Open JerryBels opened this issue 1 month ago • 3 comments

A performance optimization opportunity! react-native-reusables currently relies on NativeWind. While NativeWind v4 is great, some users (myself included) are moving towards Uniwind for its significant performance benefits. Uniwind offers much faster styling resolution and better stability, while maintaining near-100% Tailwind compatibility. Also, it's by the team behind Unistyles, which is probably the most stable UI library for RN.

Currently, using RNR components with Uniwind requires manual refactoring for every component (e.g., swapping cssInterop for withUniwind, handling safe-area classes manually).

The opportunity

I would love to see official support for Uniwind, or at least a dedicated section in the documentation/CLI options to "Eject/Install for Uniwind."
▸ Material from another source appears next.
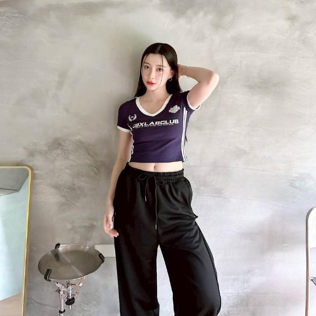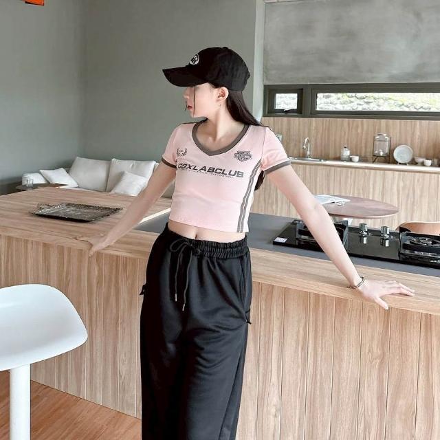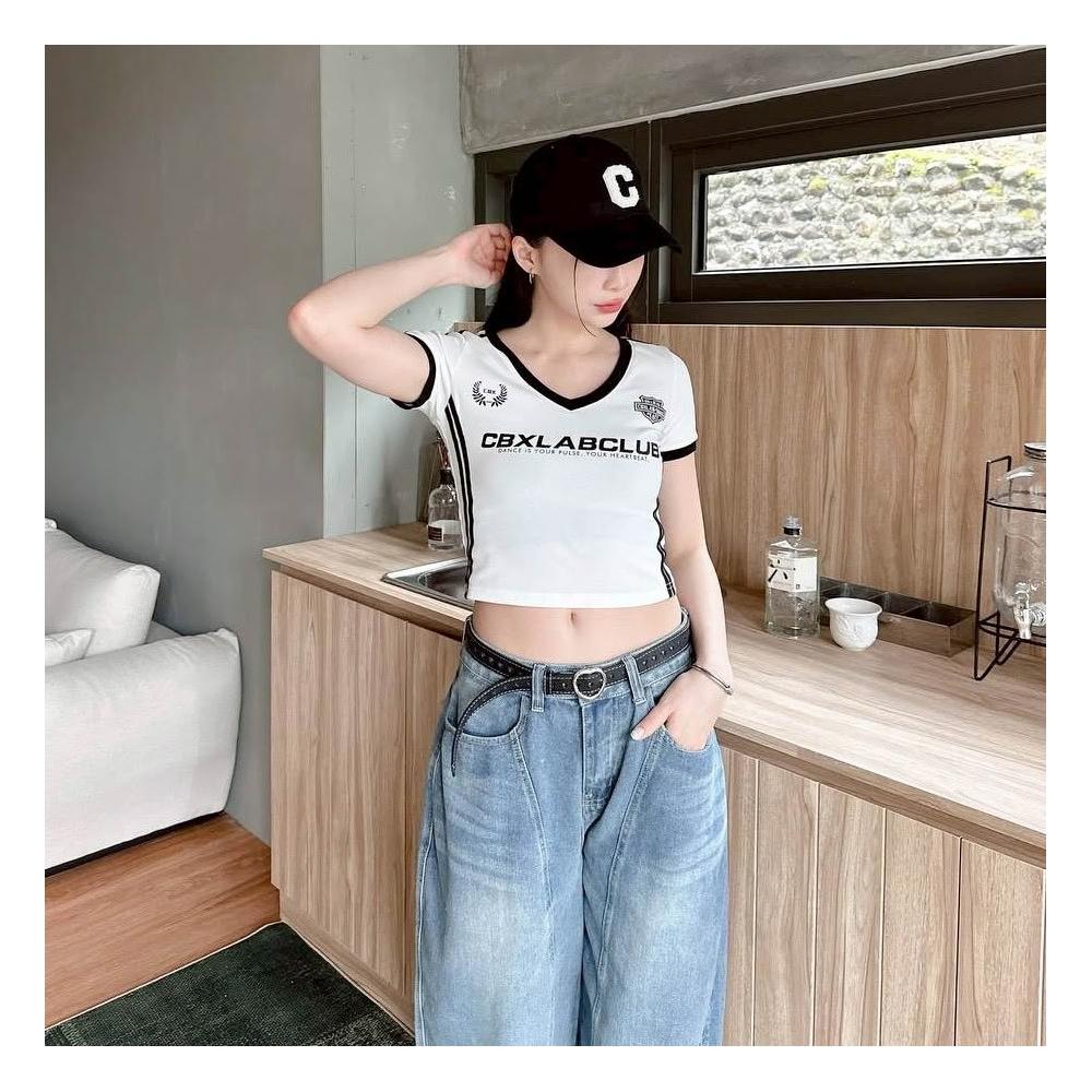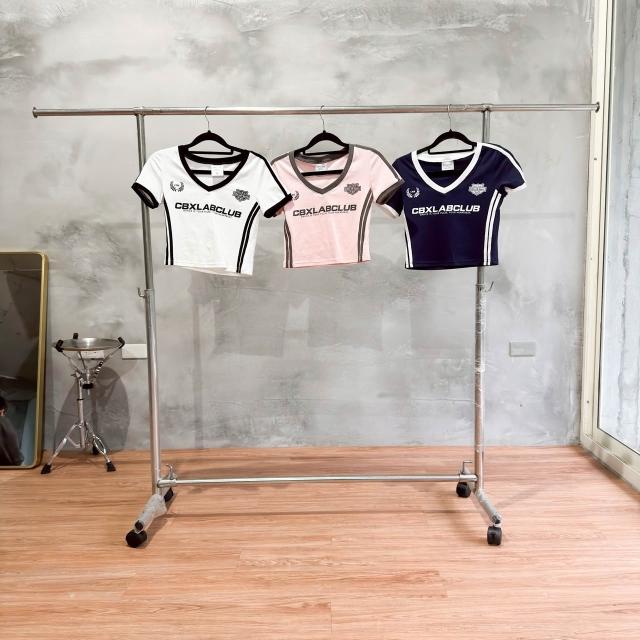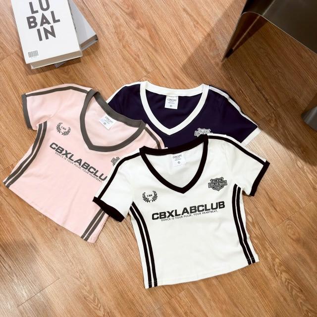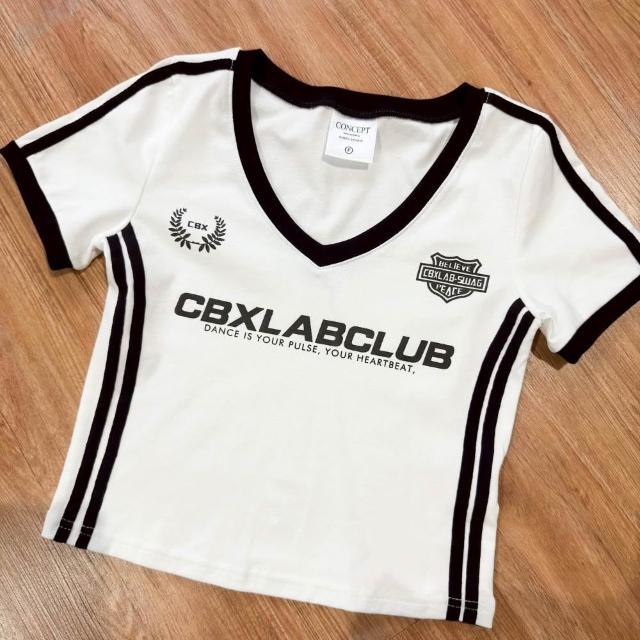 J.Malo韓版 CBXLABCLUB V領印花合身短版 女短袖 女裝 女短版球衣 正肩 白 粉 藍

Ideally, the CLI could offer a flag: npx react-native-reusables add button --styling=uniwind

If a full CLI integration is too much work right now, a "Using with Uniwind" guide in the docs would be an amazing first step. This guide could outline the standard replacements needed to make the components compatible.

What I'm currently doing

I am currently manually patching components as I add them. The process is consistent but tedious:

  1. Replacing cssInterop with withUniwind for Lucide icons.
  2. Replacing *-safe utility classes (which Uniwind doesn't support) with style={{ paddingBottom: insets.bottom }} via react-native-safe-area-context.
  3. Ensuring all Reanimated props (like entering) use object syntax rather than string syntax.

Additional context

Uniwind is created by Jacek Pudysz (creator of Unistyles) and is gaining traction for high-performance Expo apps.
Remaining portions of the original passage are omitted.